Tuesday, September 2, 2008

How To Be Optimistic about the World Economy

Many, I believe, find solace in optimistism. Let me be helpful.

Assume the world to have been decoupled from the US economy so that nothing the US can do or say can hurt anyone (true?).

Assume the economic power in ascendent is China. The brilliance of the Chinese means they can always find a way out of any problem. If the world go in recession, China alone will survive - by building the fastest train from Beijing to Shanghai, by building the highest railway to Tibet, by building the biggest dam in the world.

I constantly remind myself that the Chinese have been brilliant for the last 4,000 years. What is it in the last two decades that makes the difference?

The most important factor has been the inflow of foreign direct investment, on the argument of the cheap Chinese labour and the largest market in the world. The first two decades have ridden on the first factor: cheap Chinese labour.

Whether China has a large market or not is yet to be seen - afterall, China has always had the largest population in the world. To turn the population into market, China must put cash in people's hands.
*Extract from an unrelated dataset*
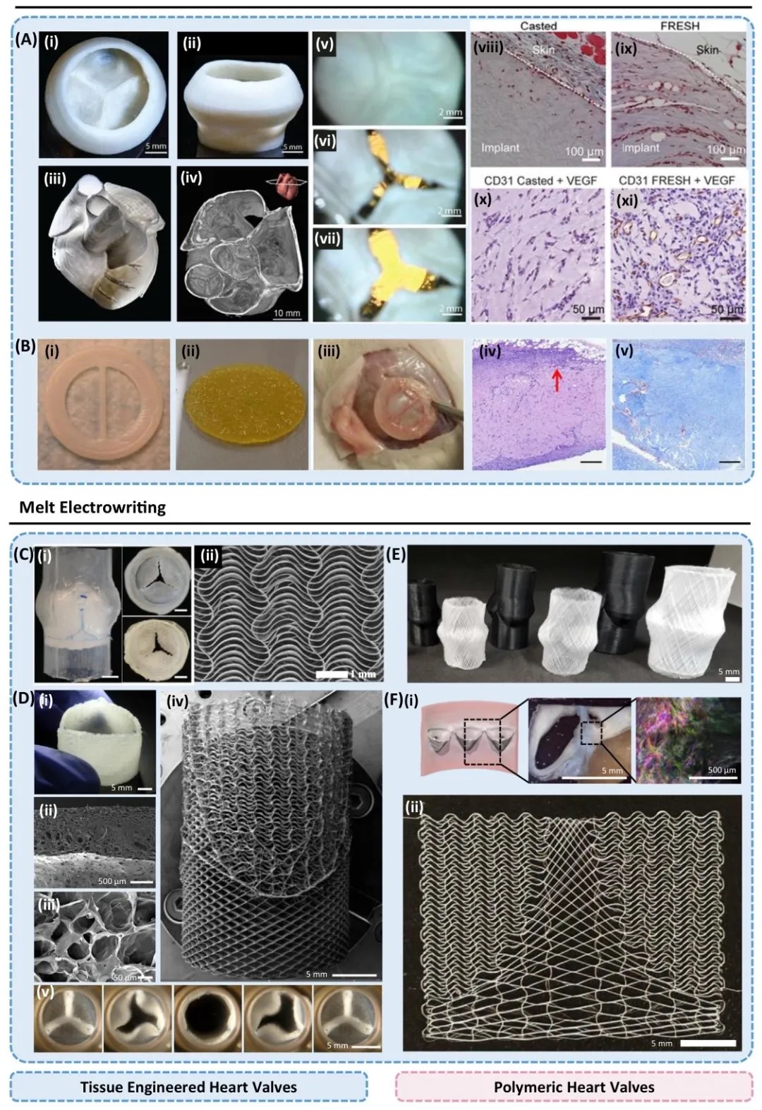 图4. 基于生物绘图(Bioplotting)和熔融电写(MEW)的3D打印心脏瓣膜
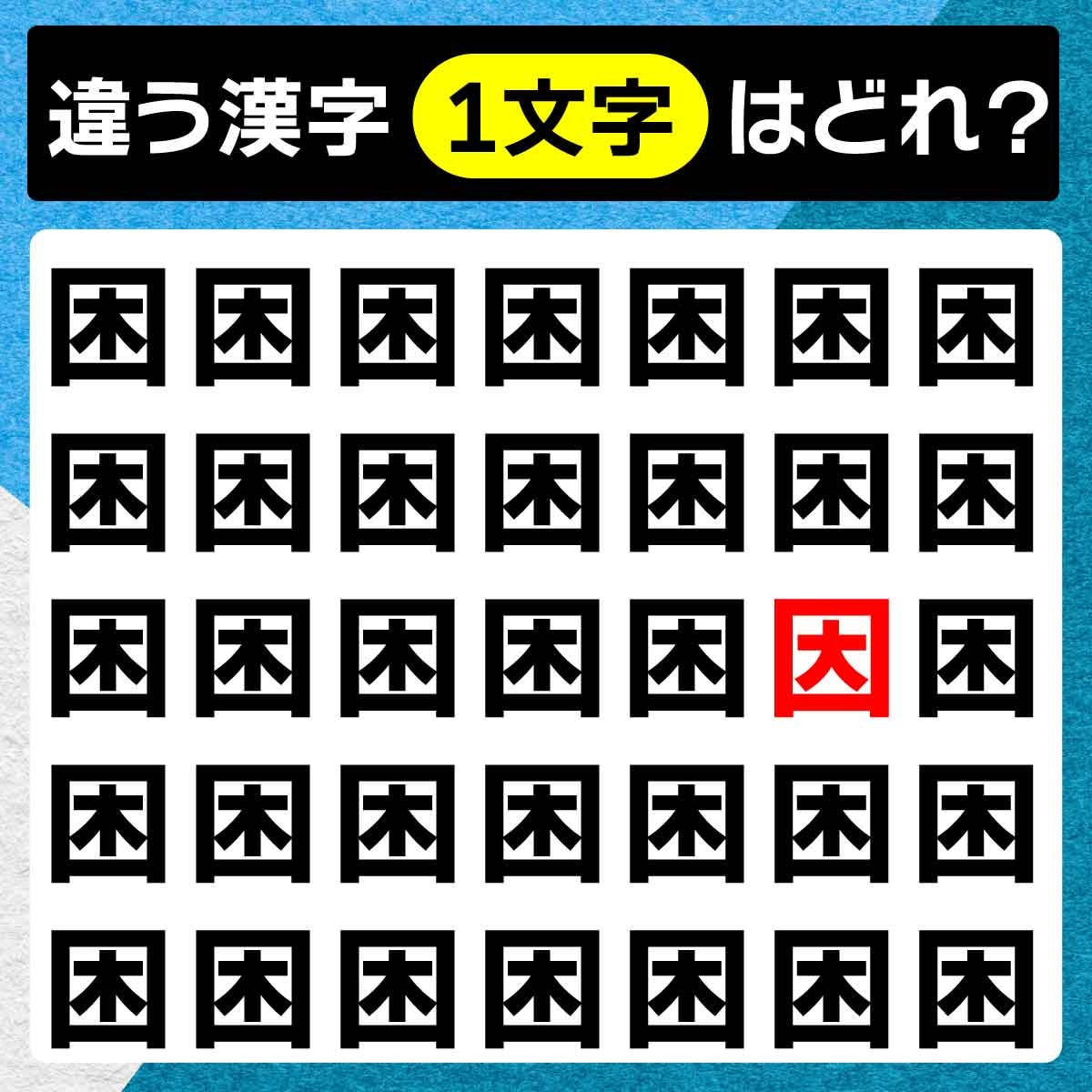 違う漢字は、上から3列目、右から2番目の文字でした!

So China have to pay higher wage rates, which means higher costs of production. Whether China growth can be sustained depends on whether China can innovate.

China therefore must be able to produce higher value-added goods for which its people desire. Only then China can raise wages and creates its own internal markets. If not, China will still have to rely on the global market to make dividends for their investments.

Critical to China today is whether it can stand tall without further FDIs and generates its own investments.